**Source records**
-=-=-

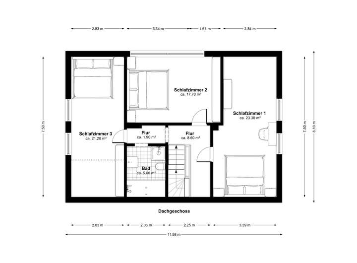 Im Obergeschoss stehen drei Schlafräume sowie ein Vollbad mit Fenster zur Verfügung. Der Dachboden bietet zusätzlichen Stauraum und rundet das Platzangebot ideal ab.
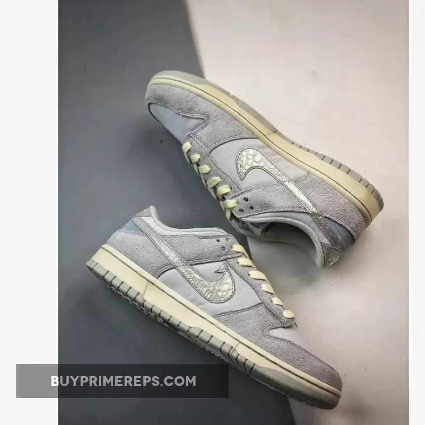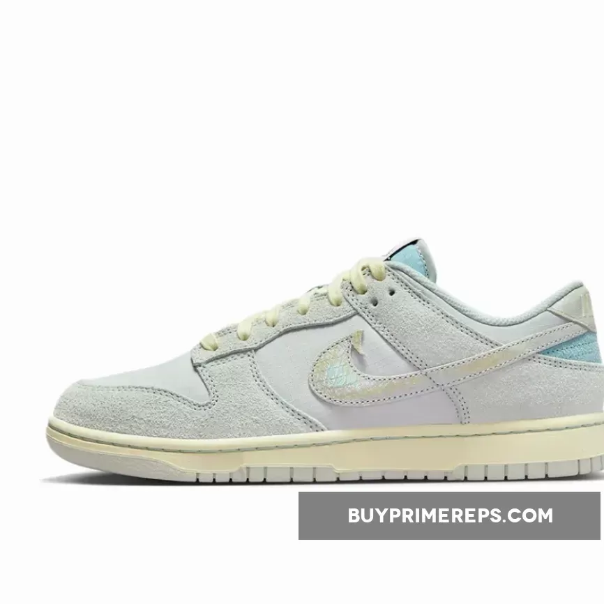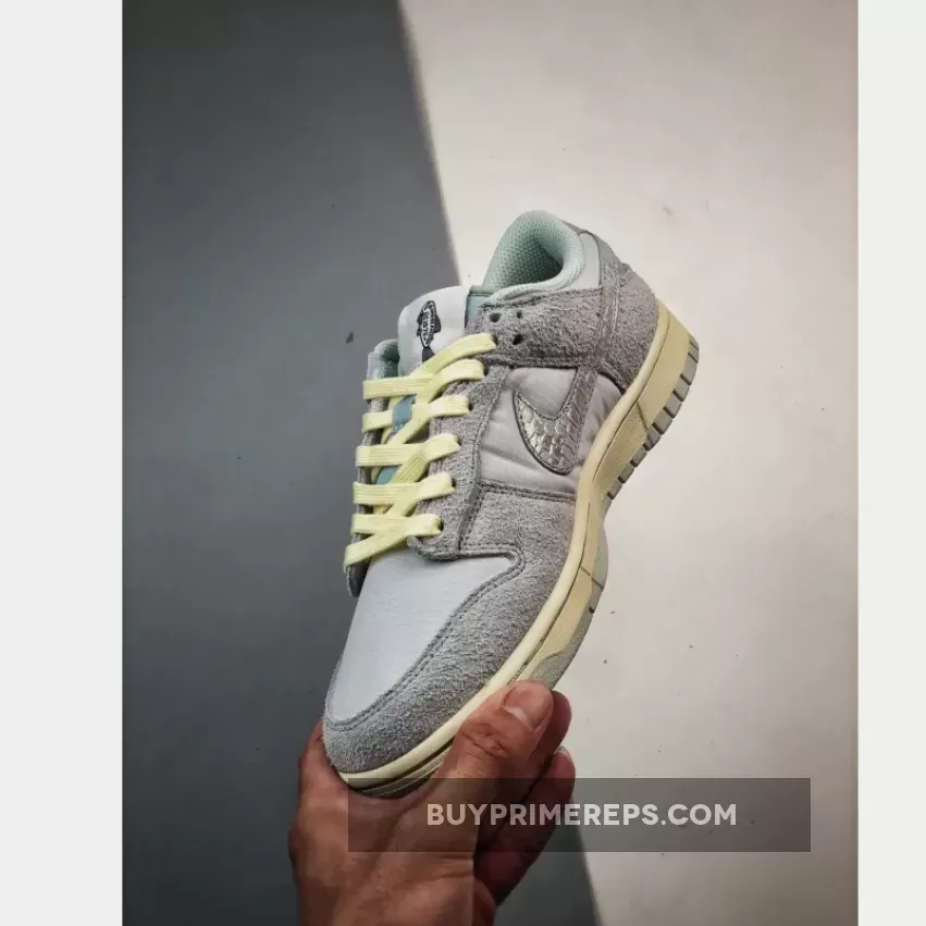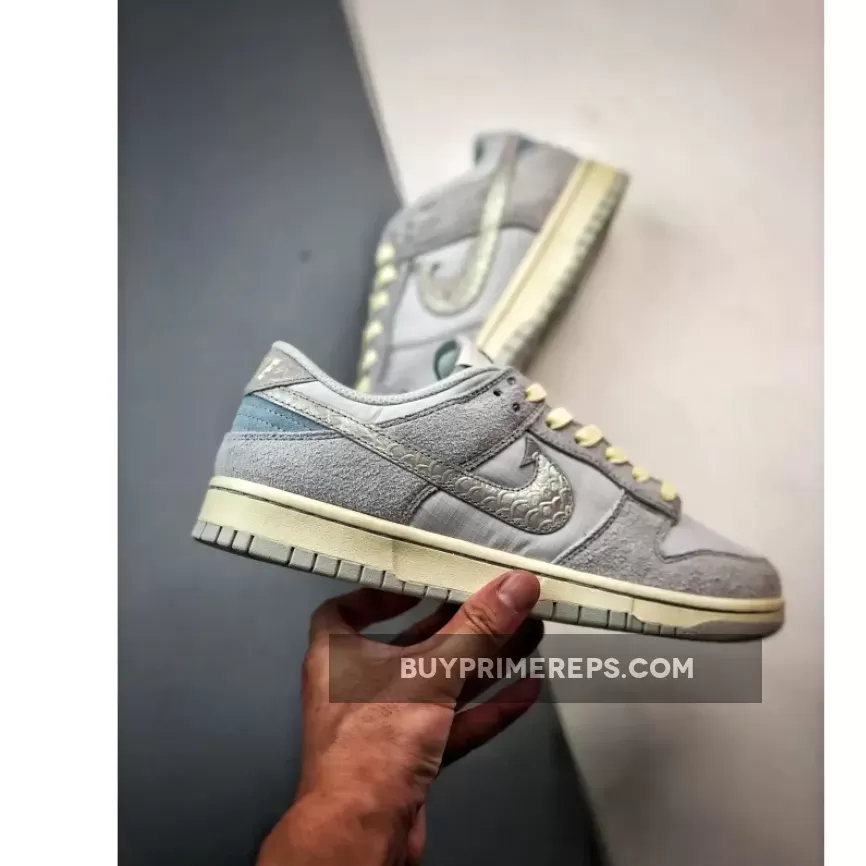The upper of the Nike Dunk Low ‘Gone Fishing’ is constructed with a combination of nylon and suede materials, giving it a premium and textured look. The standout feature of this shoe is the Swooshes on the sidewalls, which have a scale-like finish and resemble a fishing hook with its pointed shape. This attention to detail adds a touch of creativity and uniqueness to the overall design.
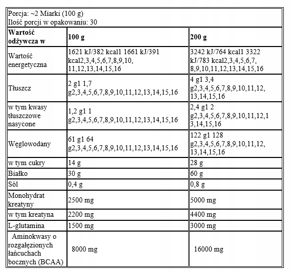 Склад: мальтодекстрин, протеїн комплекс [протеїновий концентрат сироватковий порошок WPC80 (з молока), пахта, ізолят сироваткового протеїну (з молока), гідролізат концентрату сироваткового протеїну (з молока), міцелярний казеїн (з молоко )], какао (1), креатин моногідрат, L-глютамін, загущувач (ксантанова камедь), концентрат бурякового соку (7,10,12), ароматизатори (1,2,3,4, 5,6 ,7,8,9,10,11,12,14,16), ароматизатор(13,15), колір(и) (E150c(2,3,9), E160a(3,4,11) , E163(10) )), какао (14,15), розчинна кава (16), підсолоджувач (сукралоза).
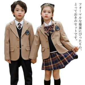 男の子5点セット:ジャケット+ズボン+シャツ+ネクタイ+ベスト女の子5点セット:ジャケット+スカート+シャツ+ネクタイ+ベスト★ちょっとしたパーティーや結婚式、発表会や入学・入園、卒業シーズンにも。フォーマルな場面にぴったりの、と
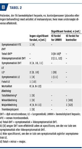 I Tabel 2 vises effektmål og resultater fra metaanalyser af sammenligning af kontrolpersoner og akut indlagte medicinske patienter, der var i behandling med lavmolekulært heparin (LMWH) (eller fondaparinux). Metaanalyserne viste varierende effekt af medicinsk tromboseprofylakse på forebyggelse af VTE. Man fandt ikke i nogen studier forskel på mortaliteten hos patienterne i interventionsgrupperne og kontrolpersonerne. De fleste studier, hvor man rapporterede om blødningsrisiko, viste, at medicinsk tromboseprofylakse ikke var forbundet med øget risiko for major blødning.
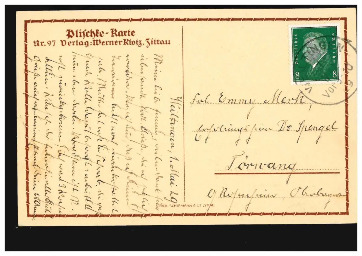 Carte de ciseaux Georg Plischke: Au Soleil ... WEILTINGEN 1.5.1929
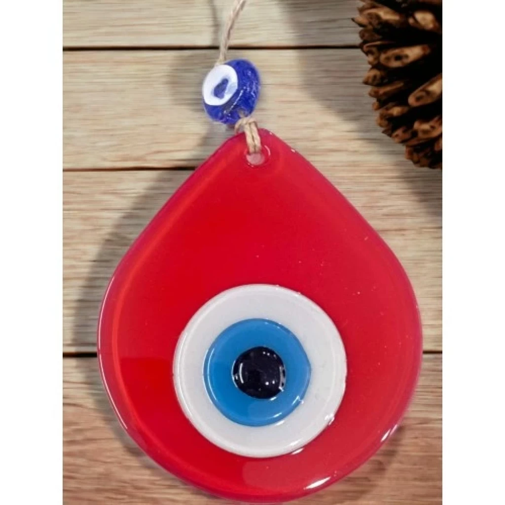 Mini kırmızı renk nazar boncuklu duvar süsümüz tamamen el işçiliği ile üretilmiştir. Tasarım harikası el yapımı nazar boncuklu duvar süsümüz 10 x 12 santimetre ölçülerindedir. Ürünümüz ip dahil 21 santimetre boyundadır.
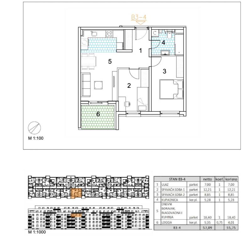 Trosoban stan površine 55,75 m2 smješten na 3. katu.Stan B3-4 sastoji se od ulaza, 2 spavaće sobe, kupaonice, dnevnog boravka, kuhinje s blagovaonicom te loggije.Velika Gorica, projekt stambene novogradnje namijenjen stalnom stanovanju, koji obuhvaća 91 stambenu jedinicu. U sklopu zgrade osigurano je ukupno 182 garažnih i parkirnih mjesta, od čega je 28 garažnih mjesta smješteno u prizemlju, 97 garažnih i parkirnih mjesta u podzemnoj etaži te dodatnih 57 parkirnih mjesta na razini terena.Uz kupnju stana obavezna je kupnja garažnog mjesta na -1 etaži po cijeni od 25.000,00 EUR ili garažnog mjesta na 0 etaži po cijeni od 30.000,00 EUR zajedno s parkirnim garažnim mjestom po cijeni od 18.000,00 EUR ili vanjskim parkirnim mjestom po cijeni od 10.000,00 EUR. Dakle, garažno mjesto na -1 etaži ili garažno mjesto na 0 etaži + garažno parkirno mjesto ili vanjsko parkirno mjesto.Građevina je projektirana kao armiranobetonska konstrukcija, međusobno povezana zidovima i gredama, s punim armiranobetonskim stropnim pločama i ravnim krovom. Vertikalni konstruktivni sustav čine armiranobetonski zidovi debljine 20 cm izvedeni kroz sve etaže, dok horizontalni sustav čine armiranobetonske ploče debljine 20 cm.Pročelje je predviđeno s toplinskom izolacijom debljine 15 cm u ETICS sustavu, izvedenom od EPS-a, a u zonama požarnih prekida, u kontaktu sa stubištem i na podgledu prizemlja od mineralne vune iste debljine. Završna obrada izvodi se armiranom mrežicom, gletanjem i završnim slojem u boji i teksturi prema projektu. Vanjska stolarija predviđena je kao PVC, u tonu definiranom projektom.Krov je projektiran kao ravni neprohodni krov, a svi slojevi izvedeni su u skladu s projektom fizike zgrade. Unutarnji pregradni zidovi izvode se kao gipskartonski, debljine 10 do 20 cm, ovisno o namjeni prostora, uz primjenu potrebne zvučne izolacije gdje je to predviđeno. Zidne površine su završno obrađene soboslikarskim radovima u boji prema projektu.Podovi u stanovima izvode se kao plivajući sustav s toplinskom izolacijom od polistirena i cementnim estrihom. Završne podne obloge predviđene su prema namjeni prostora: keramika u sanitarijama, kuhinjama i na vanjskim površinama, a troslojni hrastov parket u dnevnim boravcima, blagovaonicama, ulaznim prostorima i spavaćim sobama. U ponudi su tri varijante keramičkih pločica.Grijanje je riješeno plinskim etažnim podnim sustavom. Stanovi su opremljeni klima uređajima marke Bosch, PVC stolarijom s električnim roletama, troslojnim hrastovim parketom te sobnim vratima proizvođača RV Križevci. Ulazna vrata u stanove su protuprovalna, proizvođača Kolnoa sa sustavom zaključavanja Multilock.Useljenje 05/27Za sva pitanja Vam stojimo na raspolaganju.... Više na eurovilla.hr, ID: 175261
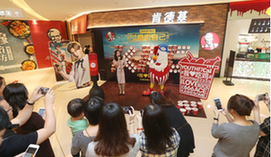 ?伴隨著《I Love Chicken Rock》的動(dòng)感舞曲,奇奇帶著肯德基四款“正能量”的新品與深圳市民朋友們見(jiàn)面。
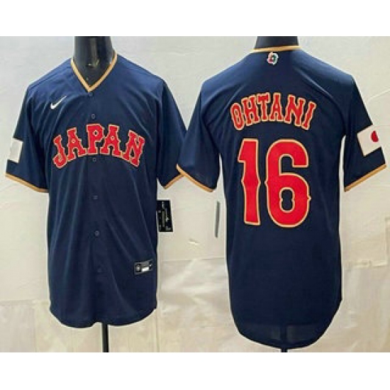 Men's Japan Baseball #16 Shohei Ohtani Navy 2026 World Baseball Classic Road Stadium Stitched Jersey
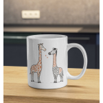 This charming safari duo showcases a tall giraffe and striped zebra standing side by side in clean minimalist style. Soft tones and simple linework create a calm, elegant wildlife aesthetic.
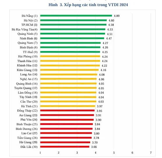Trong số 30 địa phương được lựa chọn để đánh giá về năng lực phát triển du lịch, Đà Nẵng tiếp tục khẳng định vị thế dẫn đầu với số điểm 4,89. Hà Nội và TP Hồ Chí Minh lần lượt đứng thứ hai và ba với điểm số 4,6 và 4,58. Các địa phương còn lại trong tốp 10 gồm: Bà Rịa - Vũng Tàu (4,53 điểm), Quảng Ninh (4,51 điểm), Ninh Bình (4,47 điểm), Quảng Nam (4,27 điểm), Bình Định (4,26 điểm), Thừa Thiên - Huế (4,25 điểm) và Hải Phòng (4,24 điểm).
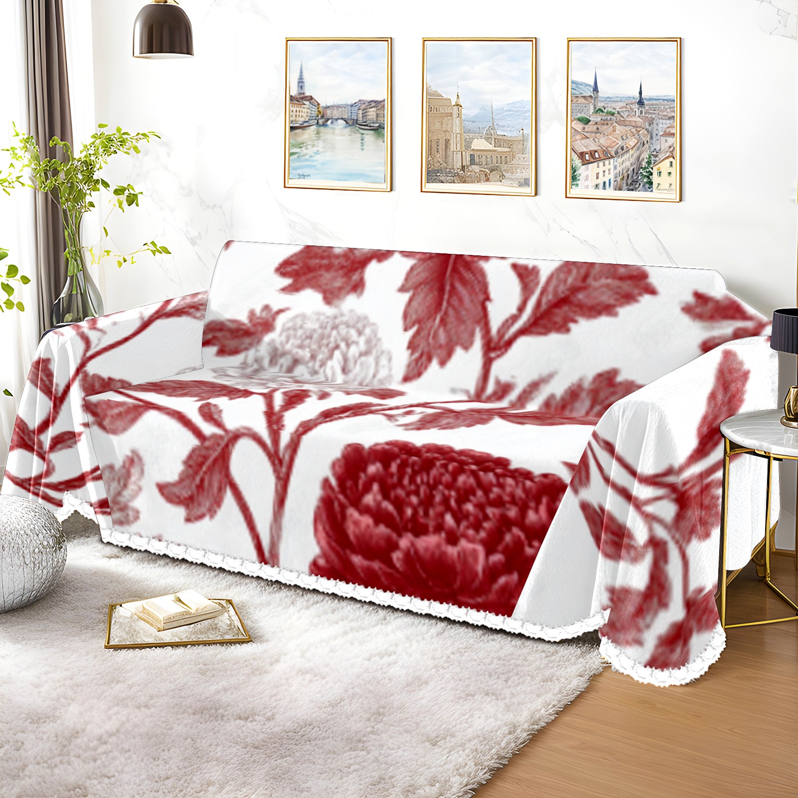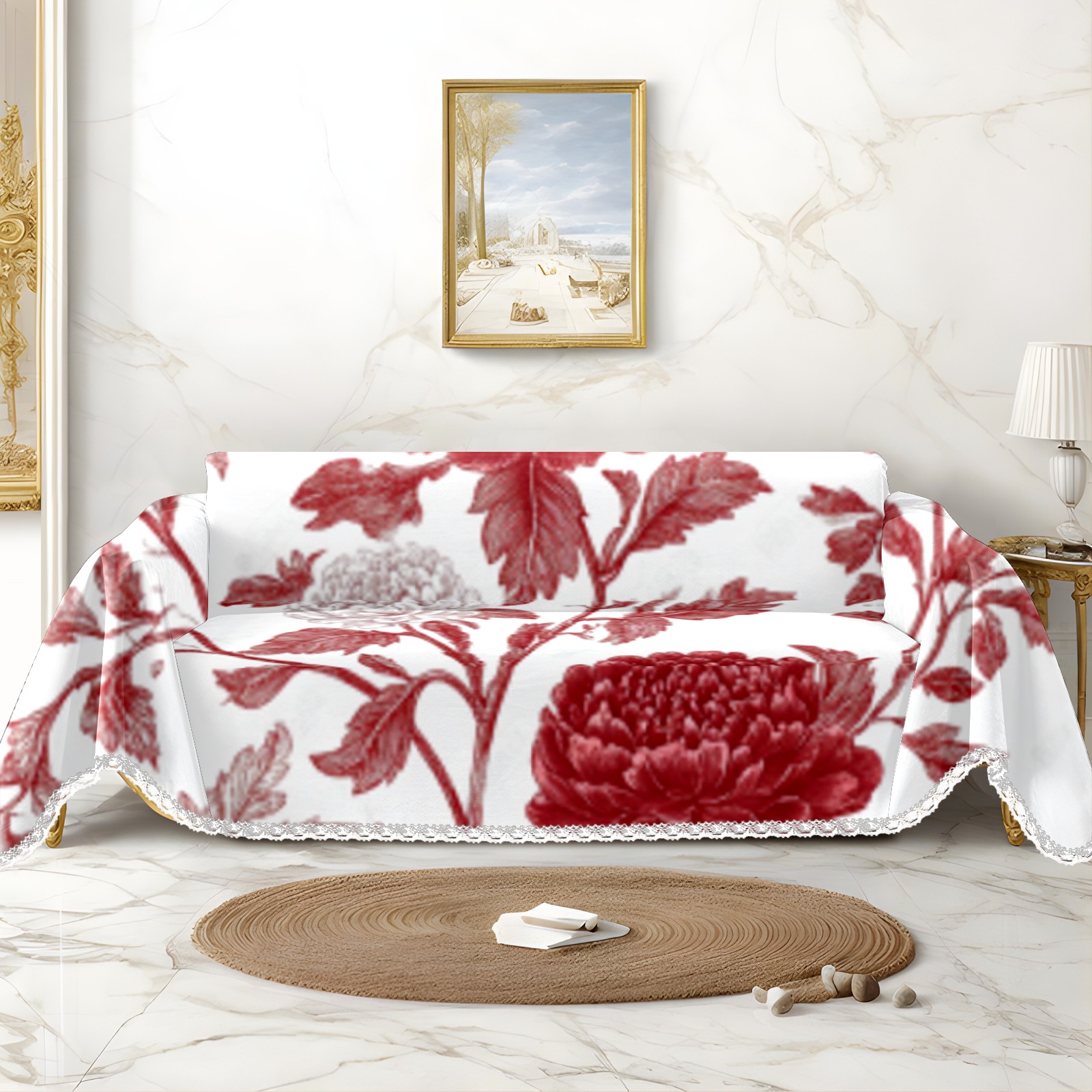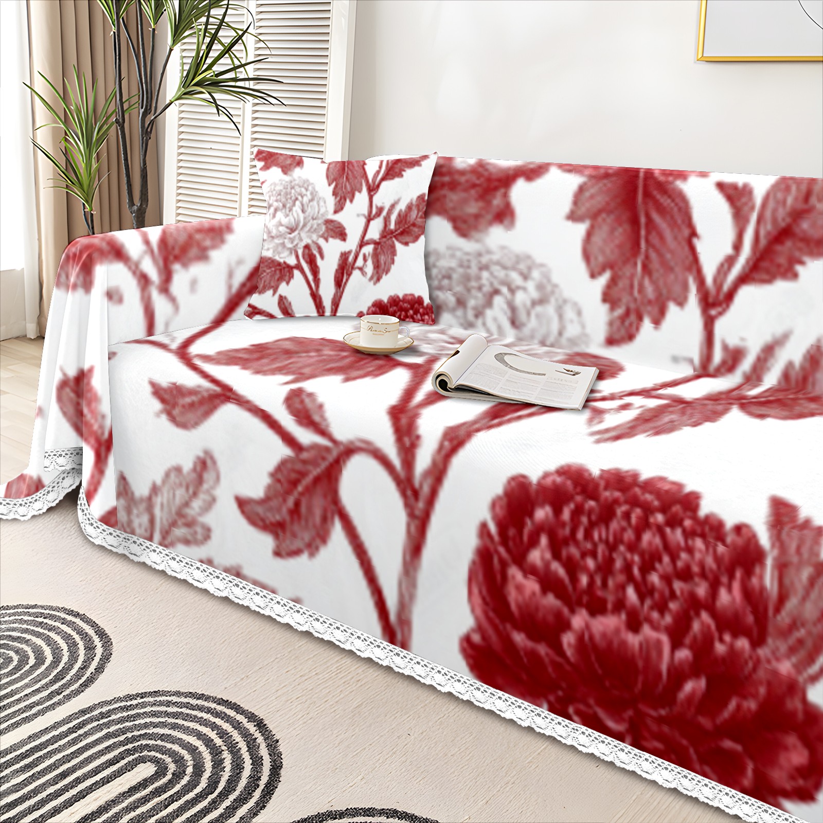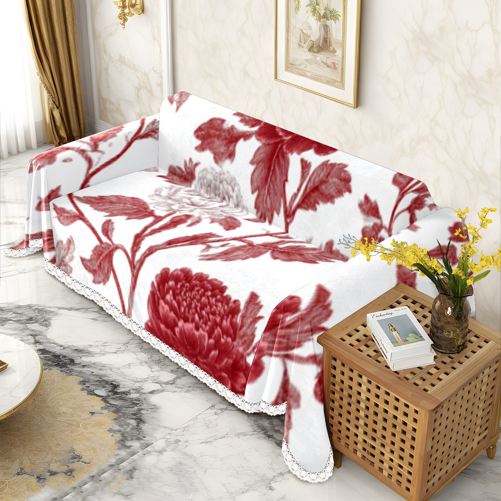 Red Flowe1 Sofa Cover-Soft Poly-Cotton Blend, Machine Washable Couch Protector for Home Decor - 71x91 in Couch Covers
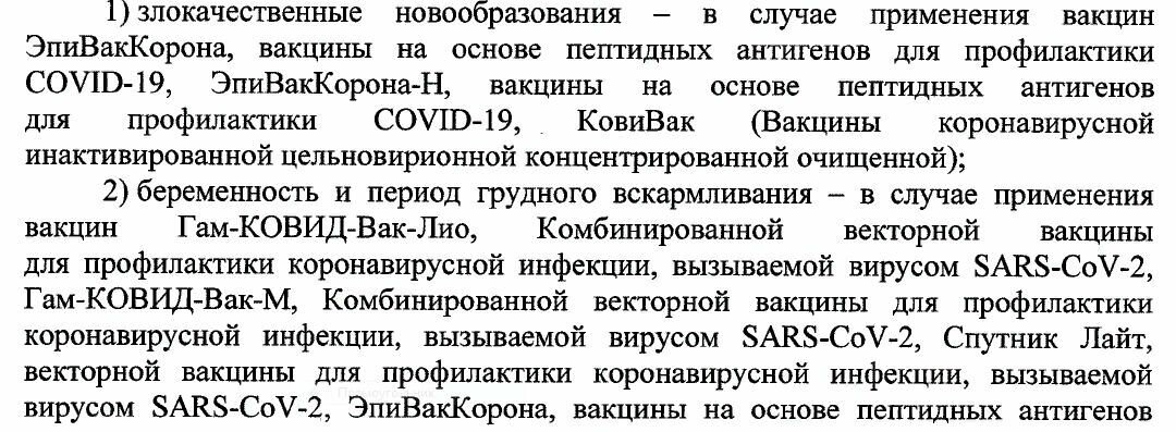 Минздрав своим приказом №8н от 13.01.2022г. утвердил Перечень медицинских противопоказаний к проведению профилактических прививок против новой коронавирусной инфекции Covid-19. Состоит он из трех частей:

-=-=-

**TASK PROMPT**
Beginning with the line that contains "Men's Japan Baseball", reproduce every line through the end of the records above exactly, leaving pictures out.

**WRITTEN REPLY**
 Men's Japan Baseball #16 Shohei Ohtani Navy 2026 World Baseball Classic Road Stadium Stitched Jersey
 This charming safari duo showcases a tall giraffe and striped zebra standing side by side in clean minimalist style. Soft tones and simple linework create a calm, elegant wildlife aesthetic.
Trong số 30 địa phương được lựa chọn để đánh giá về năng lực phát triển du lịch, Đà Nẵng tiếp tục khẳng định vị thế dẫn đầu với số điểm 4,89. Hà Nội và TP Hồ Chí Minh lần lượt đứng thứ hai và ba với điểm số 4,6 và 4,58. Các địa phương còn lại trong tốp 10 gồm: Bà Rịa - Vũng Tàu (4,53 điểm), Quảng Ninh (4,51 điểm), Ninh Bình (4,47 điểm), Quảng Nam (4,27 điểm), Bình Định (4,26 điểm), Thừa Thiên - Huế (4,25 điểm) và Hải Phòng (4,24 điểm).
 Red Flowe1 Sofa Cover-Soft Poly-Cotton Blend, Machine Washable Couch Protector for Home Decor - 71x91 in Couch Covers
 Минздрав своим приказом №8н от 13.01.2022г. утвердил Перечень медицинских противопоказаний к проведению профилактических прививок против новой коронавирусной инфекции Covid-19. Состоит он из трех частей:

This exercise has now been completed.